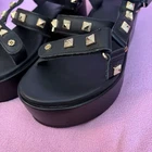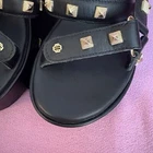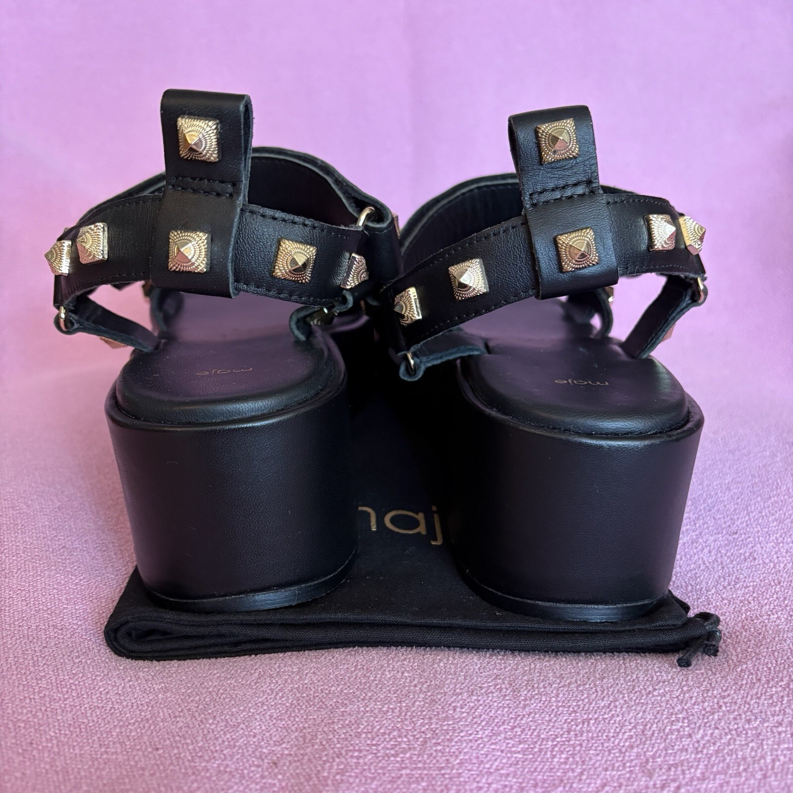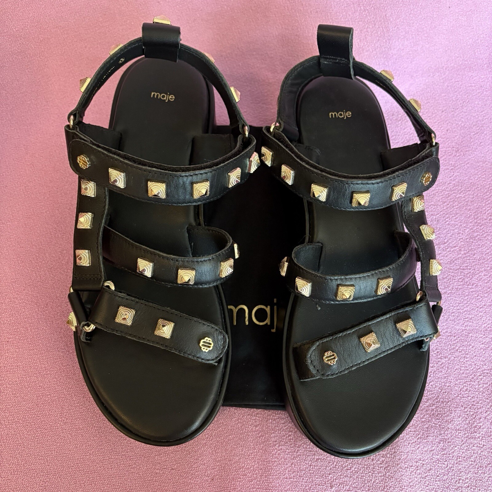 - Maje (authentic, purchased retail, just decided not my style) - black, leather, strappy, platform sandals with pyramid-shaped, gold-tone studs - size FR38/EU37, platform is 6cm - “Maje” dust bag included - new without tags! never worn - MSRP $345 USD Pet-free and smoke-free home. Make an offer!
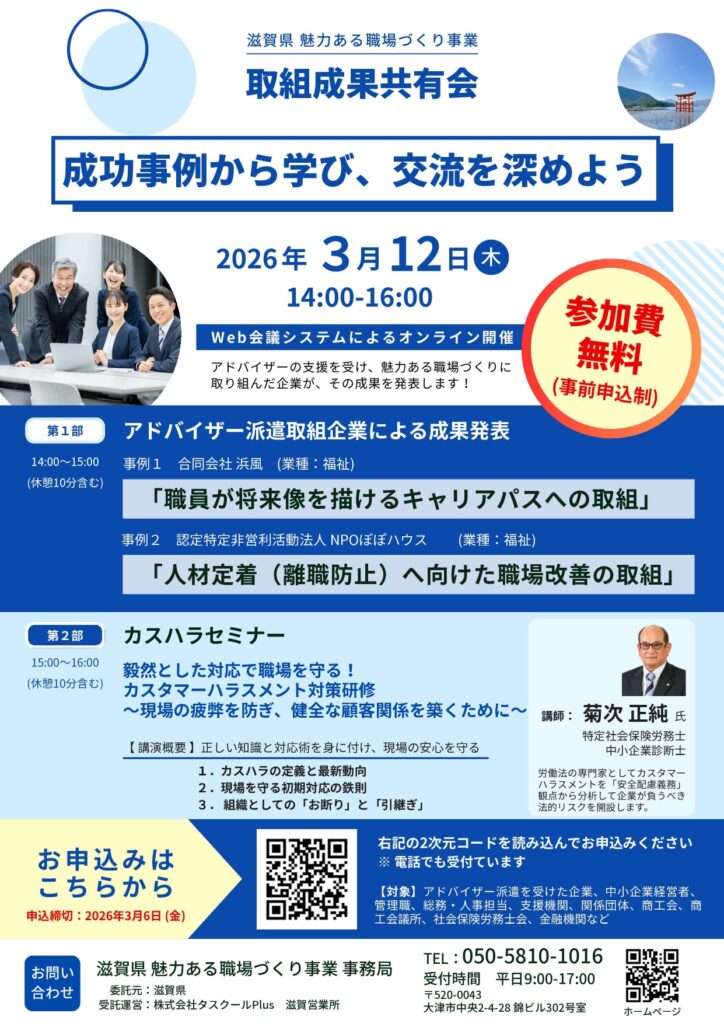 | 内容 | 第1部:成果発表 「キャリアパスへの取組」「人材定着への職場改善」の事例紹介 第2部:カスハラセミナー 「毅然とした対応で職場を守る!カスタマーハラスメント対策研修」 講師:菊次 正純 氏(特定社会保険労務士・中小企業診断士) |
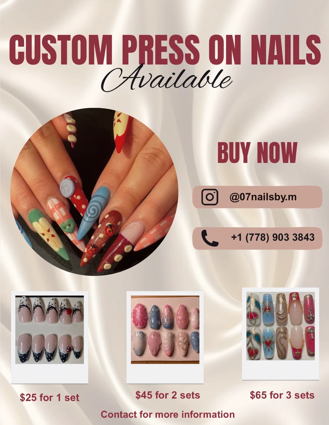 Buy a set of custom press on nails, perfect for any occasion! nail glue not included.
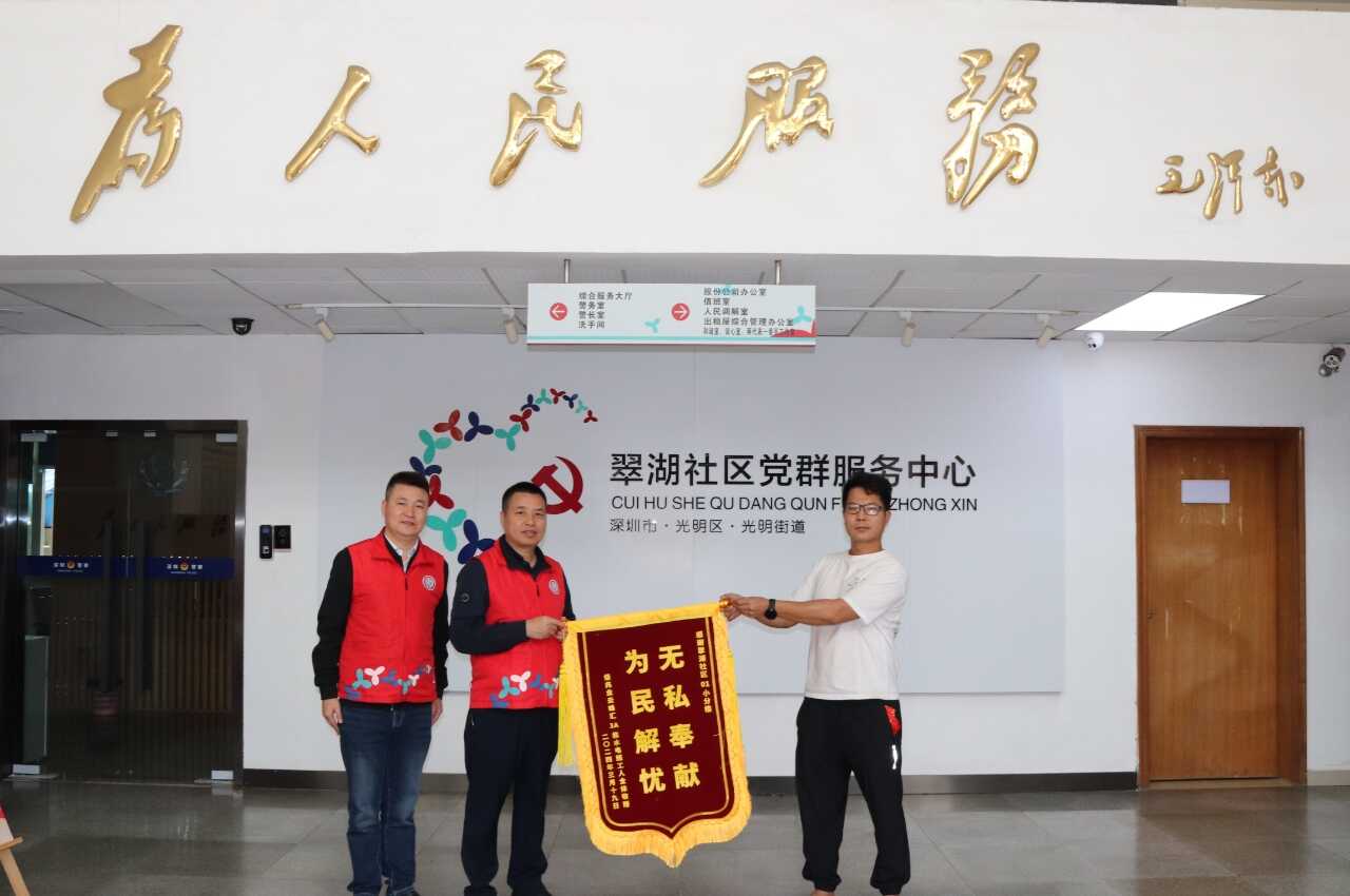 诉求人向社区赠送“无私奉献 为民解忧”的锦旗
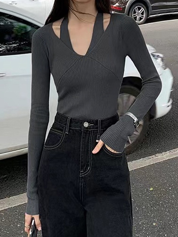 Solid Halter Backless Curvy Hem Long Sleeve Knit
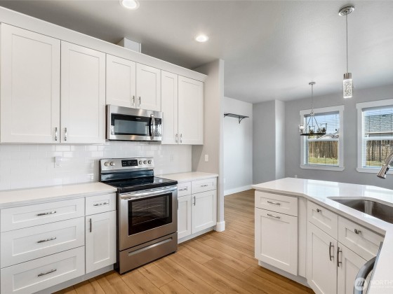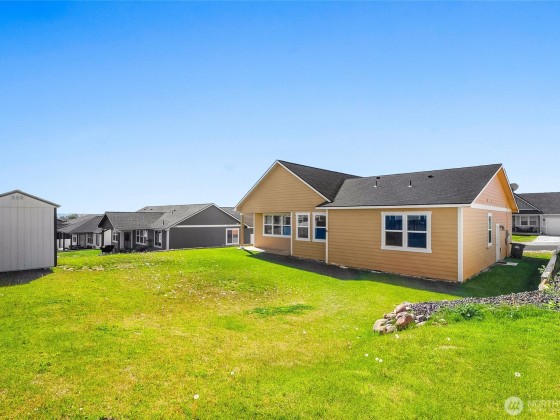 Beautifully designed 3 bedroom, 2 bathroom home offering 1674 sq ft of bright, open living space on generous 9000 sq ft lot. Built in 2022, this single level home blends modern finishes with functional design. The kitchen features sleek quartz counters, white cabinetry, a huge island with seating, and stainless steel appliances. The primary suite includes a huge walk-in closet, dual sinks, fully tiled shower and separate soaker tub. Additional upgrades include custom blinds, landscaped yard with underground sprinklers, backyard shed for hobbies or additional storage, insulated and painted garage, and all appliances are included. Centrally located and move-in ready, just unpack and start enjoying your new home!
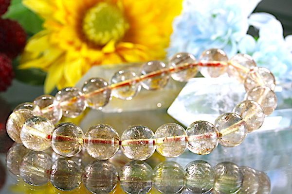 【送料無料】ゴールド ルチルクォーツ《珠径10mm内径17cm》金針水晶パワーストーン天然石ブレスレット浄化金運仕事運開運幸運激安9826
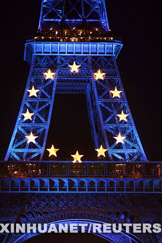 6月30日,法國首都巴黎市中心的埃菲爾鐵塔點亮象征歐盟旗幟的藍底金星燈光,慶祝法國從7月1日起接替斯洛文尼亞擔任為期半年的歐盟輪值主席國。新華社/路透
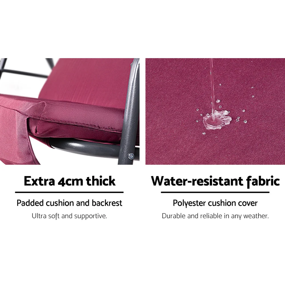Gardeon Wine Red 3-Seater Outdoor Swing Chair with Adjustable Canopy, Powder-Coated Steel Frame, and Removable Cushions
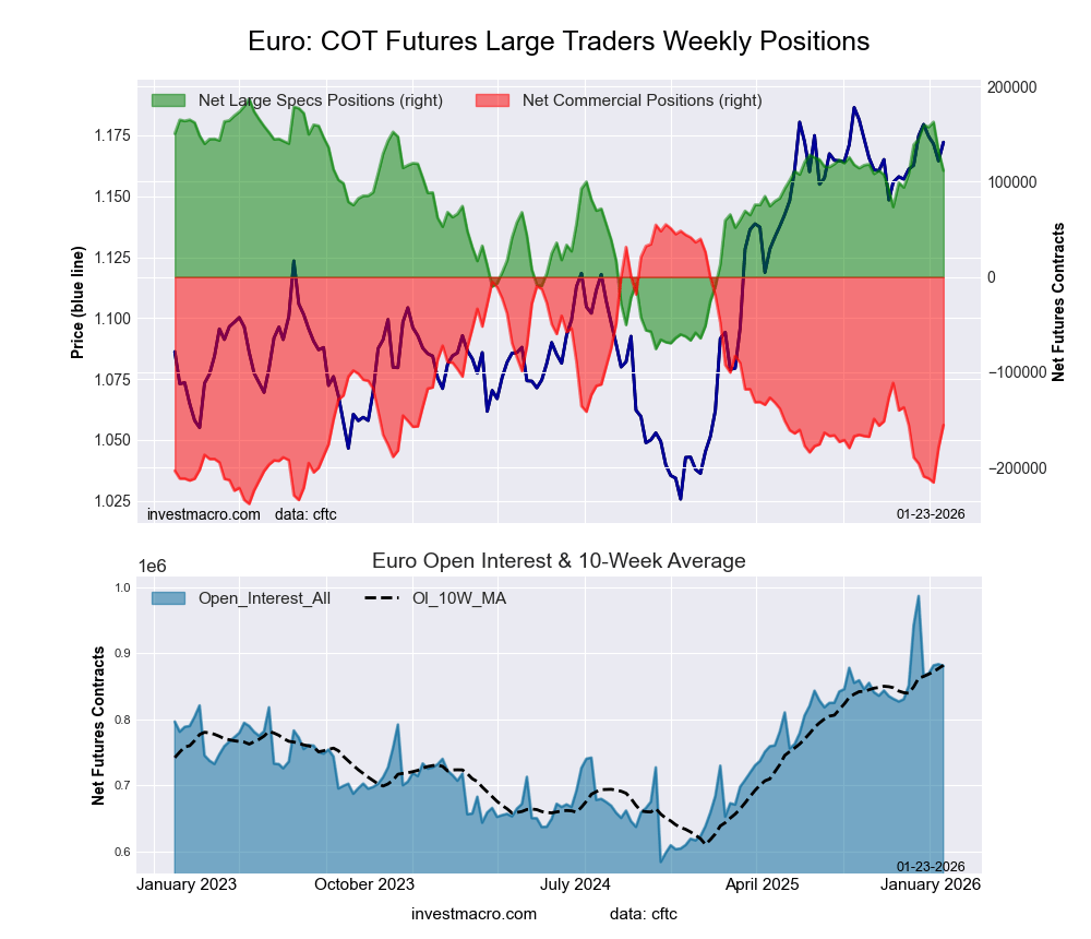 The latest COT data is updated through Tuesday January 20th and shows a quick view of how large market participants (for-profit speculators and commercial traders) were positioned in the futures markets. All currency positions are in direct relation to the US dollar where, for example, a bet for the euro is a bet that the euro will rise versus the dollar while a bet against the euro will be a bet that the euro will decline versus the dollar.
☆ ☆ ☆ ☆ ☆
**TASK BRIEF**
Please print exactly the lines from the one holding "Buy a set of" through the final line of the data above, including both, and skip all pictures.

**RESPONSE**
 Buy a set of custom press on nails, perfect for any occasion! nail glue not included.
 诉求人向社区赠送“无私奉献 为民解忧”的锦旗
 Solid Halter Backless Curvy Hem Long Sleeve Knit
 Beautifully designed 3 bedroom, 2 bathroom home offering 1674 sq ft of bright, open living space on generous 9000 sq ft lot. Built in 2022, this single level home blends modern finishes with functional design. The kitchen features sleek quartz counters, white cabinetry, a huge island with seating, and stainless steel appliances. The primary suite includes a huge walk-in closet, dual sinks, fully tiled shower and separate soaker tub. Additional upgrades include custom blinds, landscaped yard with underground sprinklers, backyard shed for hobbies or additional storage, insulated and painted garage, and all appliances are included. Centrally located and move-in ready, just unpack and start enjoying your new home!
 【送料無料】ゴールド ルチルクォーツ《珠径10mm内径17cm》金針水晶パワーストーン天然石ブレスレット浄化金運仕事運開運幸運激安9826
 6月30日,法國首都巴黎市中心的埃菲爾鐵塔點亮象征歐盟旗幟的藍底金星燈光,慶祝法國從7月1日起接替斯洛文尼亞擔任為期半年的歐盟輪值主席國。新華社/路透
Gardeon Wine Red 3-Seater Outdoor Swing Chair with Adjustable Canopy, Powder-Coated Steel Frame, and Removable Cushions
 The latest COT data is updated through Tuesday January 20th and shows a quick view of how large market participants (for-profit speculators and commercial traders) were positioned in the futures markets. All currency positions are in direct relation to the US dollar where, for example, a bet for the euro is a bet that the euro will rise versus the dollar while a bet against the euro will be a bet that the euro will decline versus the dollar.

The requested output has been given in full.